Круг продолжала Кикла. Ошибиться было невозможно. Над ее головой, поблескивая искрами росы, шевелило листьями, то и дело расплывалось зеленым маревом, причудливое дерево, вместо ковра или шкуры престол устилала мягкая зеленая трава, ветви плюща оплетали его спинку и основание. Одежда Киклы тоже переливалась всеми оттенками зелени. Вот только лицом она почти ничем не напоминала Уппи, которую Кай встретил в Кете. Перед Каем сидела обычная черноволосая и черноглазая девчонка младше его лет на пять, судя по взгляду которой не ждущая ни от компании, ни от неба над головой ничего хорошего и желающая только одного: как можно скорее расстаться со всеми и скрыться в какой-нибудь чаще.
Следующим был Агнис. Кай, который не видел его никогда, сразу же стиснул кулаки, лишь только узрел ослепительную улыбку на широком веснушчатом лице, копну ярко-рыжих волос и глаза, брызжущие отчаянным весельем, от которого холод леденит кожу и внутренности. Он был одет в красное, и за его спиной колыхалось пламя, отчего казалось, что Агнис горит и сам, и, судя по всему, горит с удовольствием. Горит, не сгорая.

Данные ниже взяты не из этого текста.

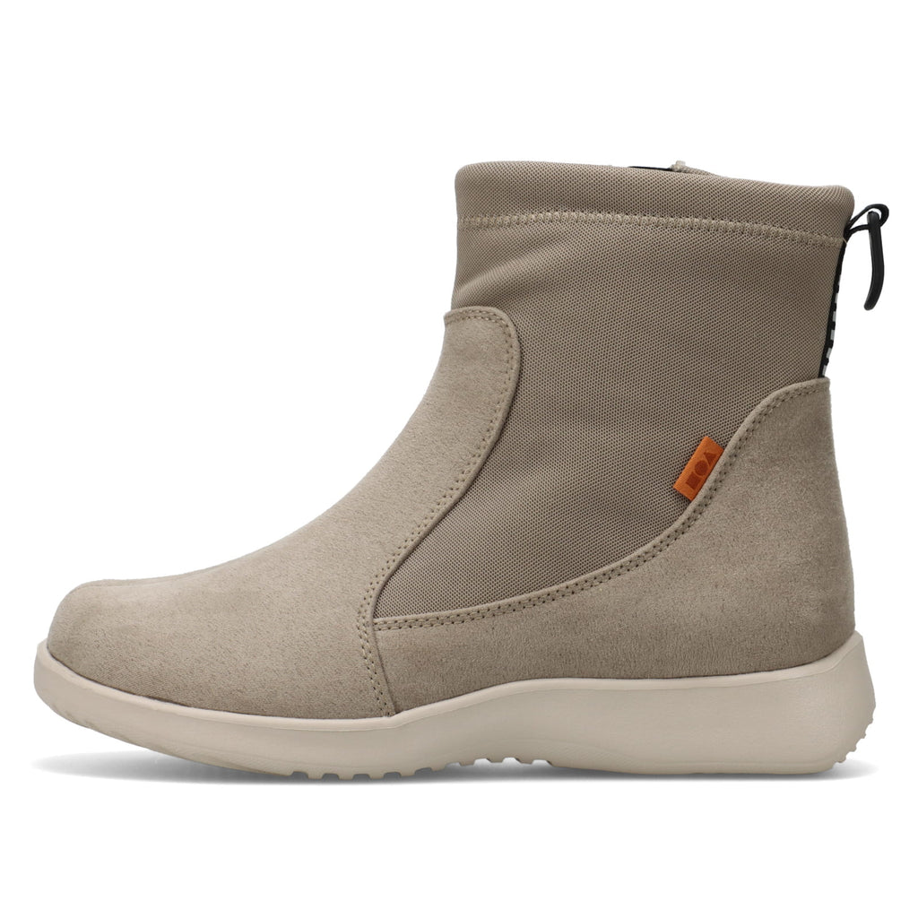 ナイロン×短毛の起毛素材で、軽やかな印象の撥水ブーツ。筒部分のナイロンは目が細かく柔らかな素材を選び、やさしく足に沿う、快適な履き心地に仕上げました。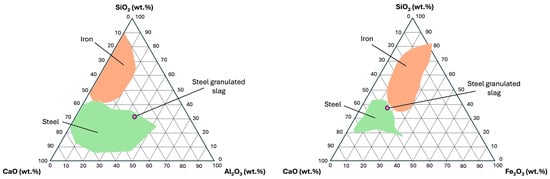 Ternary diagrams for the identification of slags based on SiO2, Al2O3, and CaO (left side) and SiO2, Fe2O3, and CaO (right side). Orange and green shaded areas represent typical areas for iron (blast furnace) and steel slag (basic oxygen furnace). Reference [64].

Соседка Агниса источала презрение ко всем, кто образовывал круг, ко всему миру и даже к Каю, которого она не видела. Она не была красавицей, казалось, что создатель собирался слепить красавицу, но остановился в середине работы. Лоб ее был слишком выпуклым, скулы слишком велики, хотя подбородок и нос удались вполне, хотя губы могли быть и не такими тонкими. Судя по всему, обладательница столь заурядной внешности и сама не придавала ей слишком уж большого значения. Ее соломенно-желтые волосы были коротко, по-мальчишески, пострижены, из-под желтоватого руна, прикрывающего плечи, виднелись обычные шерстяные порты и сапоги из свиной кожи. Зато у ее ног лежал гепард, а за спиной маячил желтоватый столб с завитками белых рогов.
«Сурна», — кивнул Кай.
Кай слегка переступил и уставился на следующего человека. Разглядеть его оказалось непросто. Мало того что темная фигура за его спиной окутывала незнакомца языками мглы, обдавая холодом и рассыпая иглы инея вокруг его престола, сливаясь с черной одеждой, черные кудри почти закрывали его лицо. Да и выдающийся вперед лоб не позволял рассмотреть глаз на лице с тонкими чертами. Незнакомец сидел неподвижно, и единственный сидел так, как будто никого не было рядом.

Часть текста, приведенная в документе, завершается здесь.